„Parsifal“ as hypermedial work of art

Abstract
Vortrag unter dem Aspekt „Parsifal“ as hypermedial work of art auf der Konferenz zum Thema The Transformative Power of Art – Richard Wagner’s Gesamtkunstwerk and Christoph Schlingensief’s participatory experiment: Opera Village Africa am Courtauld Institute of Art in London (Februar 2016).

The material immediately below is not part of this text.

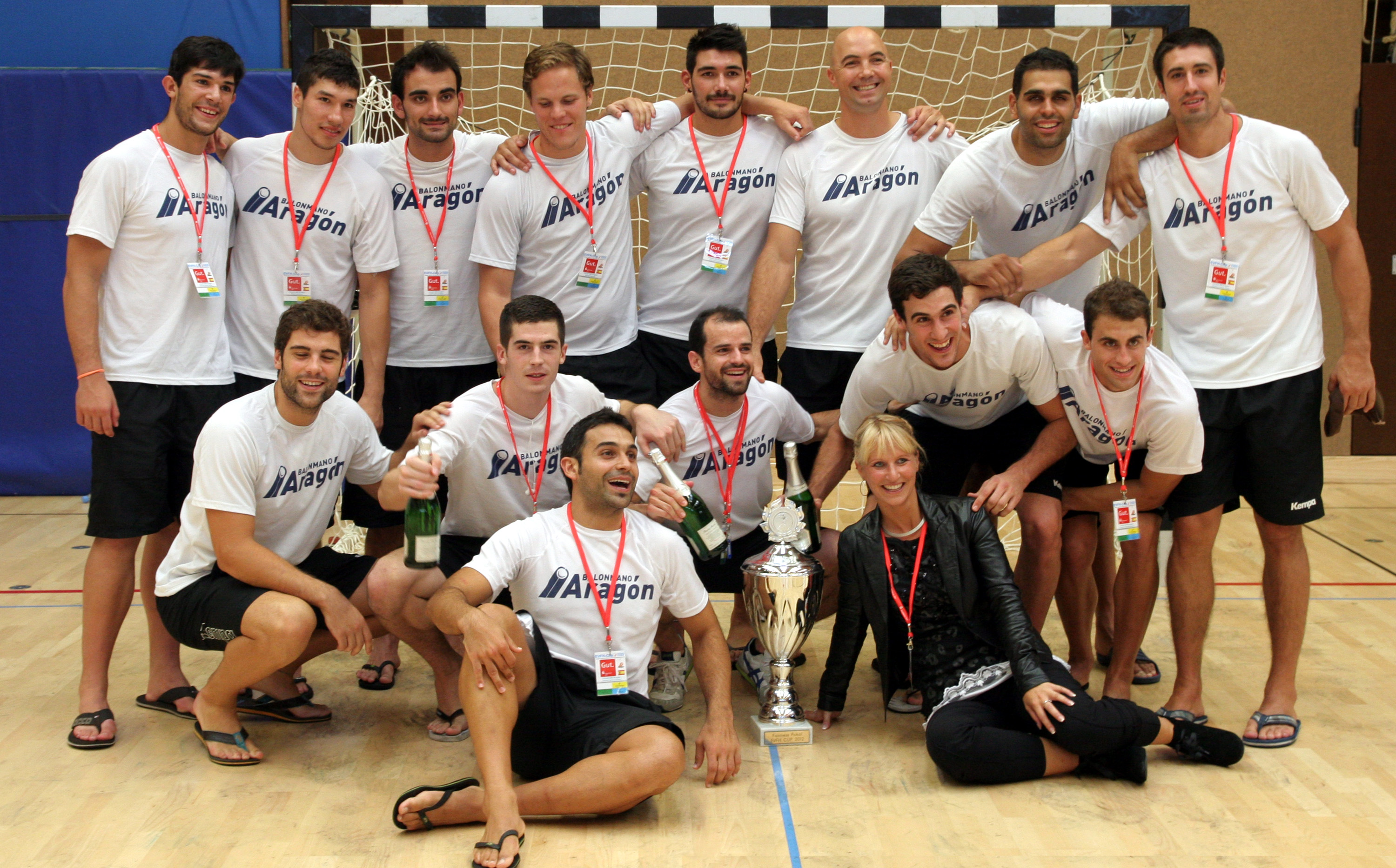 The Team of BM Aragón on August 20th, 2012 in Ehingen (Germany), during the EVFH-Cup (formerly known as Schlecker Cup).

Christoph Schlingensief’s Parsifal, a milestone in the history of staging opera, not only in Bayreuth, works as a universal ‚visualization machine‘ that doesn’t just constantly produce innumerable images on stage but also in the spectator’s mind. It re-contextualizes Wagner’s work by transferring it into the complex spheres of Schlingensiefs artistic world, hence opening up an almost infinite field of possible meaning. It is literally impossible to grasp Schlingensief’s production it in its entirety. On the basis of the performances I myself attended once in 2006 and twice in 2007 this paper is trying to provide an overview.

The aim of this conference is to explore Christoph Schlingensief’s participatory art project Opera Village Africa against the backdrop of Richard Wagner’s idea of the Gesamtkunstwerk. We wish to approach this topic from the perspective of multiple disciplines including anthropology, art history, cultural studies, history, musicology, philosophy, postcolonial studies and theatre studies.

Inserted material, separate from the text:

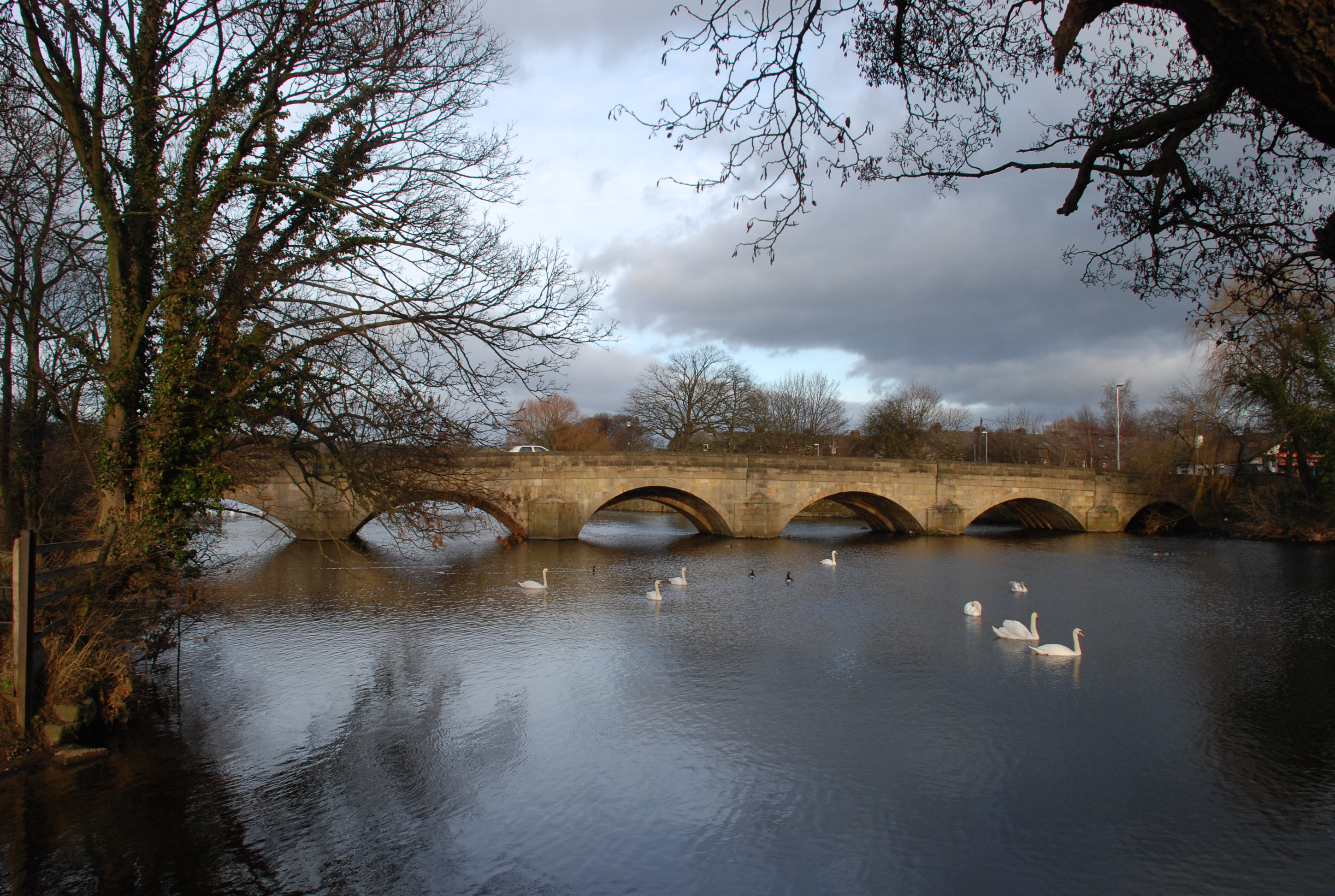 Photograph of River Bridge, Otley, West Yorkshire

The founding of the Opera Village Africa in Burkina Faso is inextricably linked with Schlingensief’s critical engagement with the writing and music of Richard Wagner, who served Schlingensief throughout his career as a touch-stone for a process of working through the heritage of the German past. The soundtrack to Salvador Dali and Luis Buñuel’s Un Chien Andalou (1928) initially evoked Schlingensief’s ambiguous fascination for Wagner, which carried through his career work as filmmaker, theatre and opera director, actionist and performance artist. Schlingensief’s Parsifal production for the Bayreuth Festival on which he collaborated with the conductor Pierre Boulez in 2004 became pivotal to his subsequent projects. Disillusioned about the elitism and inaccessibility of opera, Schlingensief desired to do justice to the young Wagner’s anarchist ideas of a Gesamtkunstwerk that is accessible for everyone. His strategy to enable a diversity of audiences to participate in the Gesamtkunswerk was the Animatograph – a travelling rotating stage, which he developed out of his stage set for Parsifal and toured to a diversity of locations, such as Iceland, Namibia and Neuhardenberg. This journey provided inspiration for Schlingensief’s Opera Village Africa in Burkina Faso (2008-ongoing).

Did Schlingensief succeed in bringing Wagner’s Gesamtkunstwerk to life in the twenty-first century? – This is the question our conference will address and, we hope, attempt to answer.